L’Agapanthe had originally had so many more staff rooms than guest rooms that my parents had built what we called the annex, over by the entrance to the property.
The annex so lacked the charm of the main house that guests lodged there sometimes felt slighted, but others were flattered, because my parents gave those rooms only to previous visitors whom they were inviting back for another stay.

Colette, a lovely young woman from Normandy with a Louise Brooks bob, was already in Sasha’s Room when Marie and I escorted the Braissants upstairs. Laetitia stiffened with indignation when the smiling chambermaid asked her, “Would Madame like me to unpack her suitcase?”

“No, thank you, I’ll manage by myself,” she replied, with the studied manner of someone who, scandalized, refuses to participate in a degrading ritual from another era.

The dismayed Colette was about to withdraw when Marie returned her smile and asked, “Colette, would you be good enough to unpack mine?”

Friday, 6:30 p.m
.
 

I heard the sound of crunching gravel again. Was it Odon Viel arriving, or Jean-Michel Destret and his chauffeur? (It turned out to be Jean-Michel.) While Marie
and I were heading for the front door, I remembered a sidewalk game we used to play when we were younger: you had to pick, from the first ten men who came toward you, the one who would be your husband for life. I always panicked; should I be cautious or optimistic? Take the first one who wasn’t either elderly or repulsive, or wait for a good-looking boy, at the risk of missing the boat and getting stuck with the tenth passerby, who might well be a ghastly old man?

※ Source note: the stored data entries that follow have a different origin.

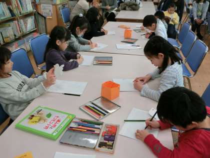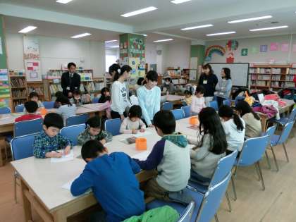 今日は、午前10時からの1時間の時間帯を「新1年生歓迎図書館イベント」として開催しました。朝からの天候にも恵まれ、4月に入学予定のたくさんのみなさんと保護者の方々が図書館に集まりました。
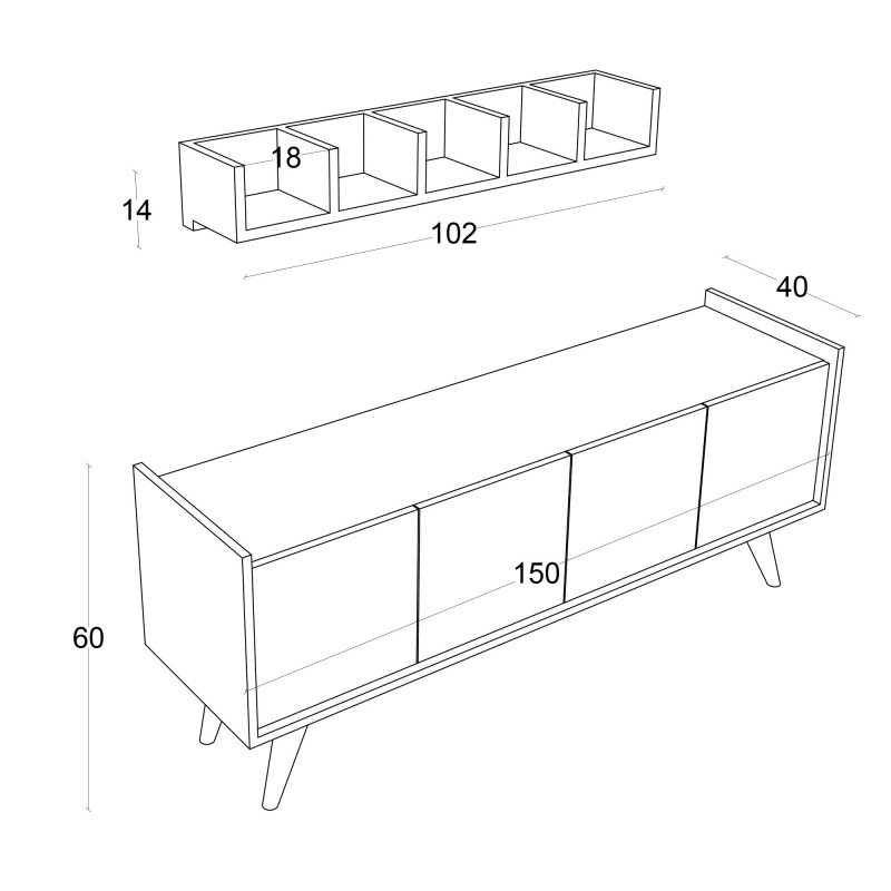 Μέγεθος: Πλάτος: 150 cm ύψος: 40 cm βάθος: 76 cm
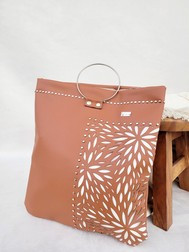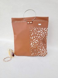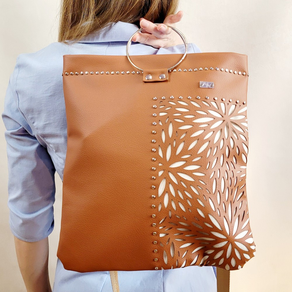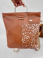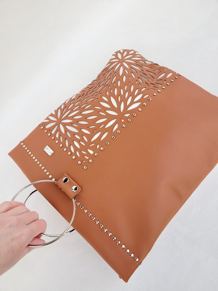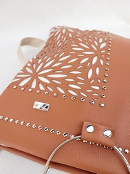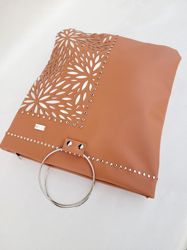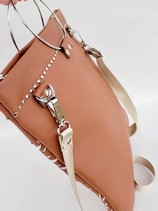 Színe camel (teveszín) és bézs, mérete: 32 x 35 cm, kézi fogó karika 10 cm, állítható pánt 70-130 cm.
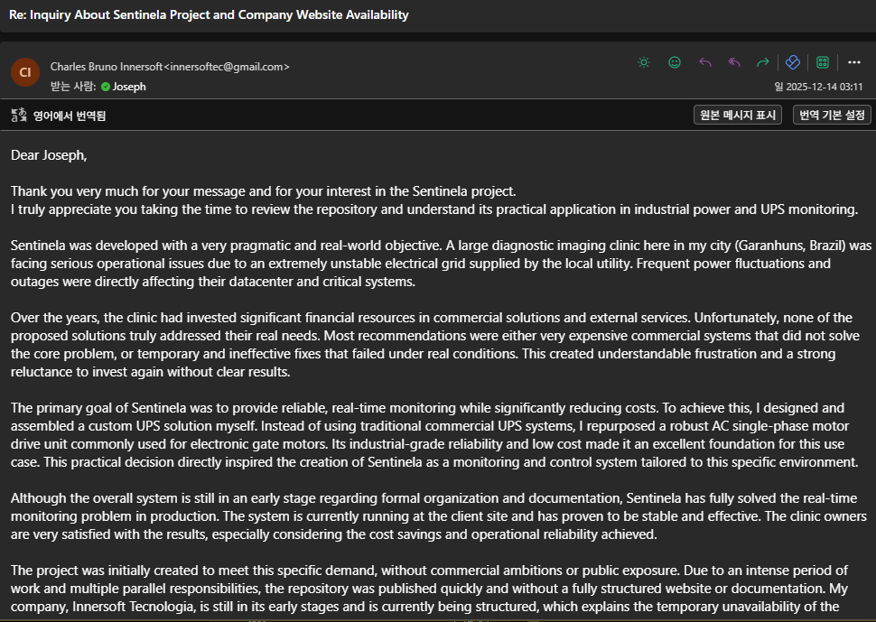 요약하면 프로젝트 목표를 달성하고 현장에서 안정적으로 운영 중이고, 다만, 회사(Innersoft Tecnologia)가 아직 초기 단계로 웹사이트가 일시적으로 비활성화 된 상태라고 합니다. 이런 관심에 감사드리며 조만간 기술문서, 배포 세부사항 등의 문서를 보강할 예정이라고 합니다.
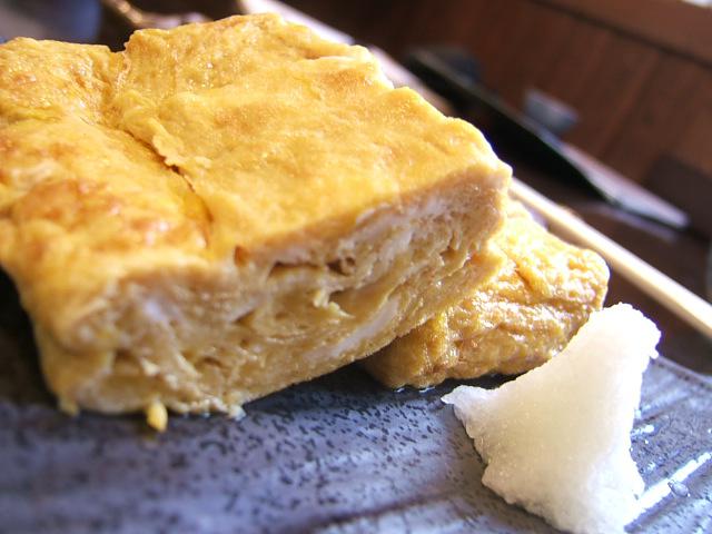 山形市城南町2にあるお蕎麦屋さんの「出し巻き卵」。甘さは控えめ、だしの味をたっぷり含ませ、日本酒にも合う味付けでした。
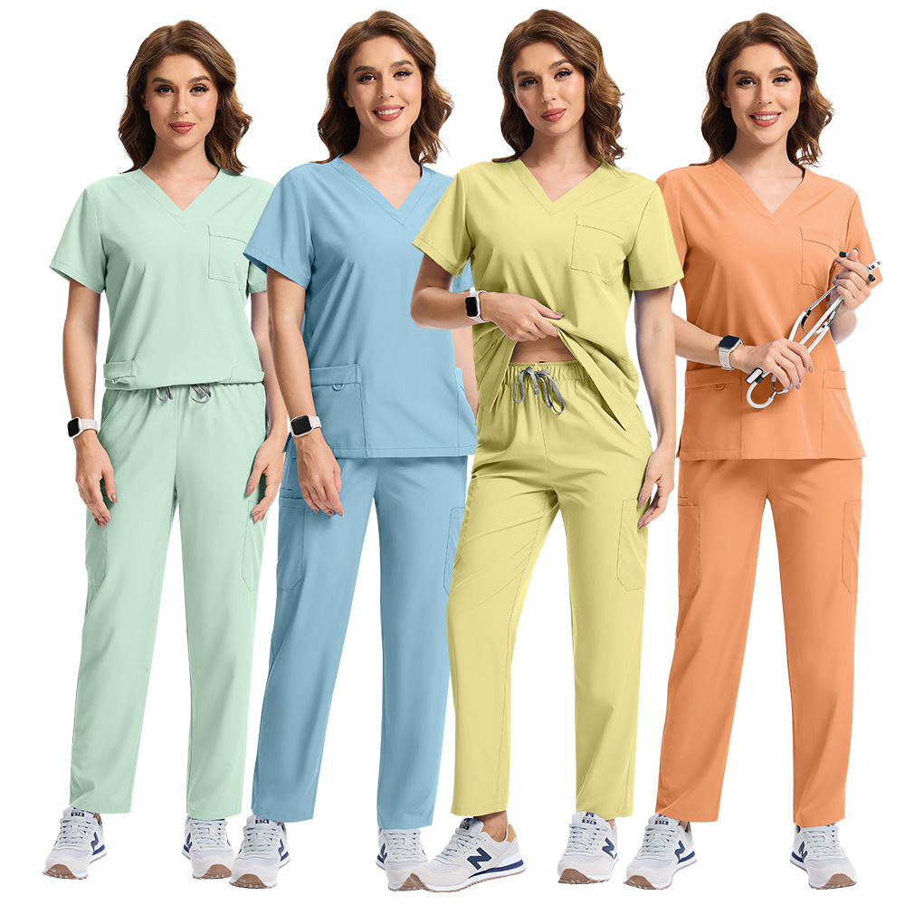 2025新商品の手洗い服12色vネックストレートズボンの薄い夏のカジュアルで快適な看護師服セットの速売通
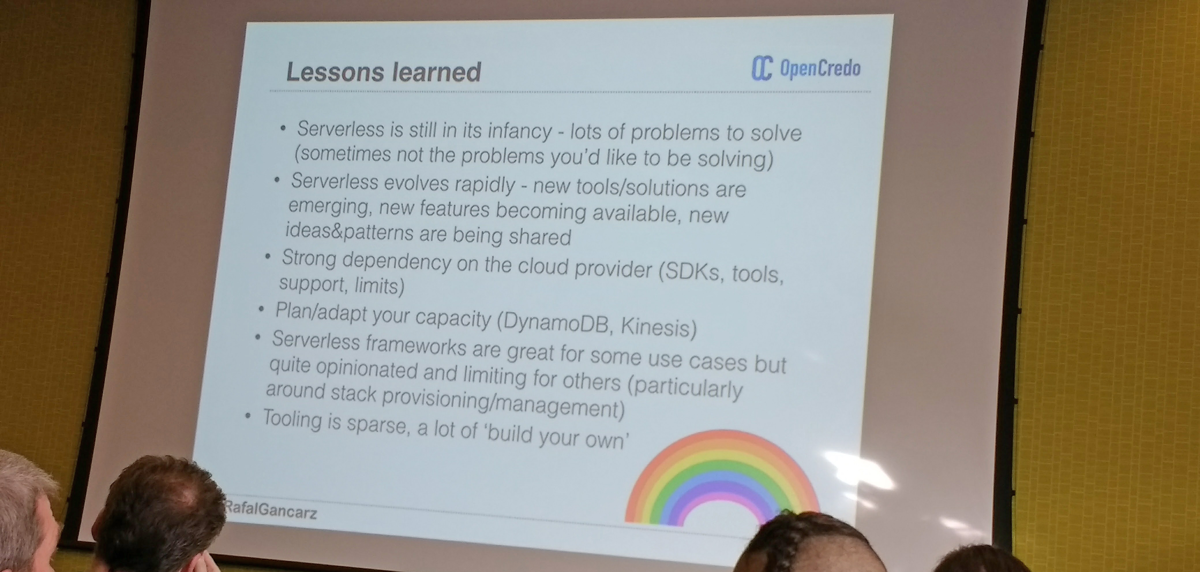 The talk from Rafal Gancarz of OpenCredo covered experiences around Serverless for the Enterprise, or as Rafal described it – AKA “Serverless in the Real World”.
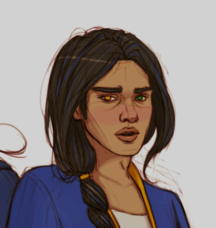 Raffaele is said to be a very beautiful person, people often falling in love with him on sight. He is described as, "one kissed by moon and water," which is an old saying describing those with amazing beauty. He has long, shining black hair with sapphire strands, flawless glowing olive skin, and is described as tall and fit. His markings from the Blood Fever are his eyes and hair. Several strands of his hair sapphire blue and his eyes are two different colors. One is a honey color, and the other is green as an emerald. His eyelashes are very long as well and he walks in a graceful manner.
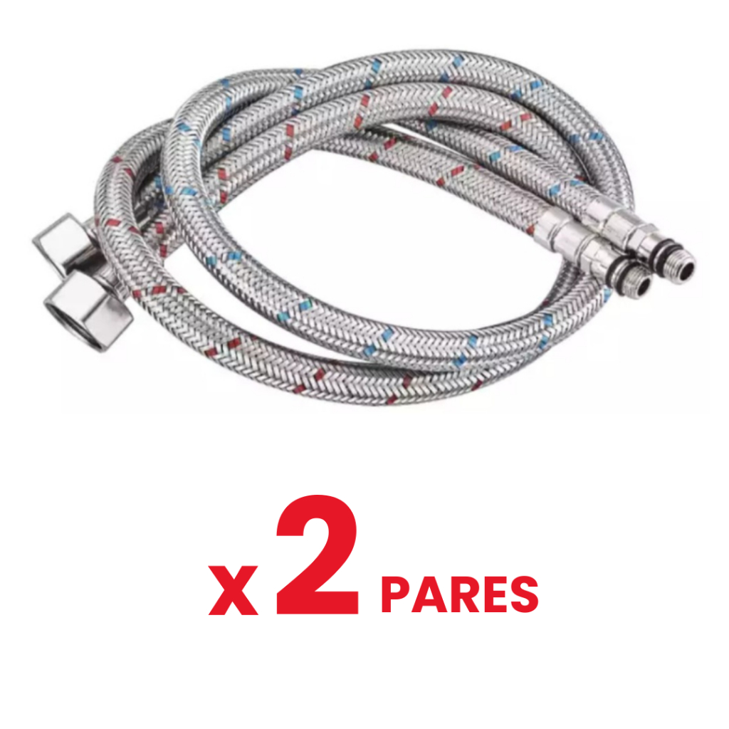 Engate Flexivel - 60 cm - Rabicho Mangueira Aço Inox Misturador Quente E Fria - KIT 2 PARES
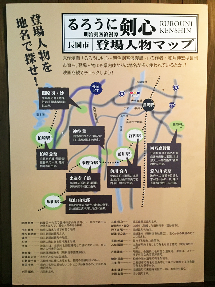 このパネルにありますが、るろうにに出てくる人物名には新潟県内(主に長岡中心)の地名が多く使われています。代表的なので言うと、明神弥彦 三条燕 長岡幹雄 巻町操 月岡津南 小国玄斎 柏崎念至 悠久山安慈 来迎寺千鶴 新津覚之進 佐渡島方治 魚沼宇水 刈羽蝙也 鯨波兵庫 乙和瓢湖あたりがわかりやすいですが、サブキャラとかでも凄くマニアな地名とかも出てきます 笑
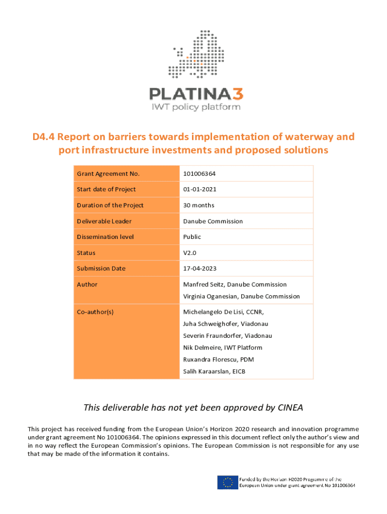 D4.4 Report on barriers towards implementation of waterway and port infrastructure investments and proposed solutions Grant Agreement No.101006364Start date of Project01012021Duration of the Project30
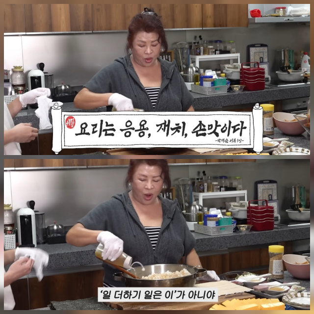 박여사는 이번 김치김밥 레시피에 대한 자신만의 철학도 전했다. 그는 “요리는 일 더하기 일은 이가 아니다. 응용이고 채치, 손맛”이라며 음식에 대한 원칙을 밝혔고, “김치만 맛있으면 큰 간 필요 없다”며 묵은지 총각김치를 단무지처럼 사용하는 자신만의 방식을 소개했다.
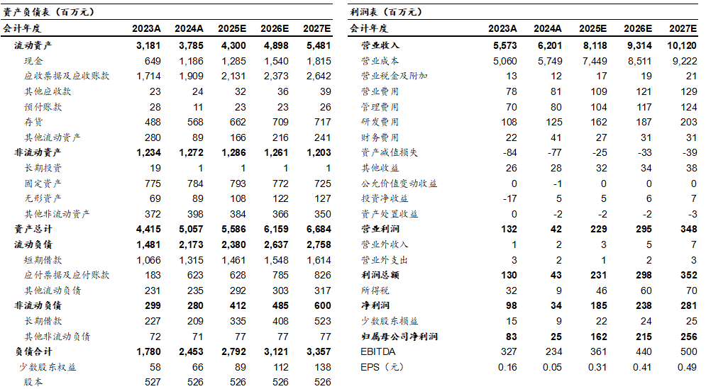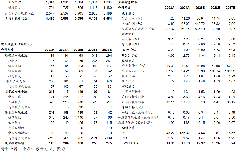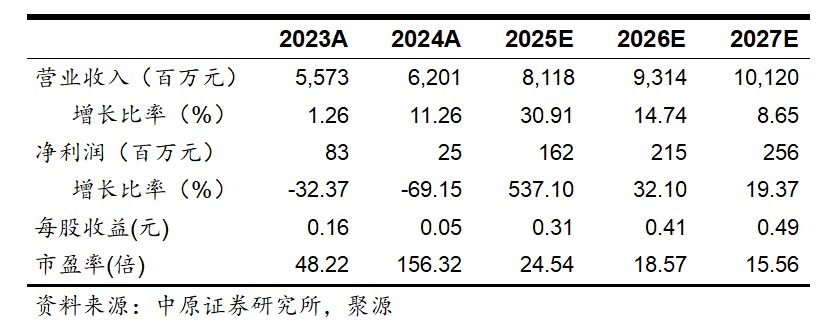 我们预测公司2025年-2027年营业收入分别为81.18亿、93.15亿、101.2亿,归母净利润分别为1.62亿、2.15亿、2.56亿,对应的PE分别为24.54X、18.57X、15.56X。继续维持公司“买入”评级。

Sex was a topic often and broad-mindedly discussed in our presence by my parents and their friends, who for the sake of appearances would pretend to lower their voices around our innocent ears. They treated sex with the humor and relaxed detachment expected of cultured people, because a light, bantering tone was to them an essential ingredient in any civilized conversation. Artful and amusing, amorous dalliance was thus a required subject, just like literature or the opera. Compared to my friends’ parents, who never broached the subject and certainly not in front of children, my own parents sometimes even struck me as obsessed. Marie and I were privy, as it turned out, to a real education. Whether down-to-earth or laced with literature, those conversations instilled in us the vocabulary and aesthetic nuances of a libertine freedom of thought that never stooped to a vulgar
familiarity, ranging from the naughty, spicy, smutty, and just slightly perverse language of a Choderlos de Laclos, to sensual and voluptuous concupiscence, or brazen Rabelaisian ribaldry—and from the grandiose debauchery of a Sade to the crudest, ugliest, most unsettling pornography and all the raunchy, sordid, lubricious, salacious, libidinous depravity drawn along in its wake. Thus educated in indecency by proxy, as we had been in wine and painting, we ended by appreciating this cultural inheritance passed down by parents who were most unusual, to be sure, but who had the merit of being emancipated and nonconformist.